An extended vacation—even to somewhere familiar, like a beach town three hours away from home—may create more meaningful, lasting memories when compared with an exotic yet chaotic vacation overseas. And having a bank of them to tap into can add to happiness, research shows. So try to budget for a two-week trip. Even just planning gives you a boost: one study from the Netherlands indicates that the bliss of a trip can start months before it begins, owing to the anticipation. You also get the added benefit of the vacation itself—and the memories you build while vacationing.
Be nicer
Committing to a few do-good gestures a day can increase your general level of contentment. “I’ve found that when people are told to try to do three to five acts of kindness a week, they get happier,” Lyubomirsky reports. “It does not have to be a grand gesture, given that women are already doing so much caregiving. At the store, let someone get in line ahead of you. Give a compliment. Smile at someone.” Or simply do something thoughtful for your significant other, she says: “We [did] a study in which we asked someone to choose a person in her life to make happier, like her husband, three times a week. It also made the giver significantly happier.”
Make Sunday future-fun day
One enjoyable thing you should do every weekend: make plans for the next one. “The anticipation powers you through the workweek,” Morgenstern says.
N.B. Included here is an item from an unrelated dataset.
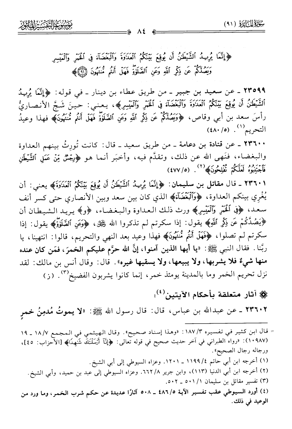 (¬٤) أورد السيوطي عقب تفسير الآية ٥/ ٤٨٦ - ٥٠٨ آثارًا عديدة عن حكم شرب الخمر، وما ورد من

The tactic also helps you avoid making passive, meh plans, such as accepting the Saturday dinner invite from that couple you don’t totally like just because you have nothing better on tap.
Morgenstern has a formula for a blissful weekend: PEP—physical, escape, people. In other words, a mix of physical activities that energize you, escapist activities that relax you, and time spent with people who inspire you. “It’s a good framework for putting together weekends that leave you happy,” she says. Not to mention entire happier weeks.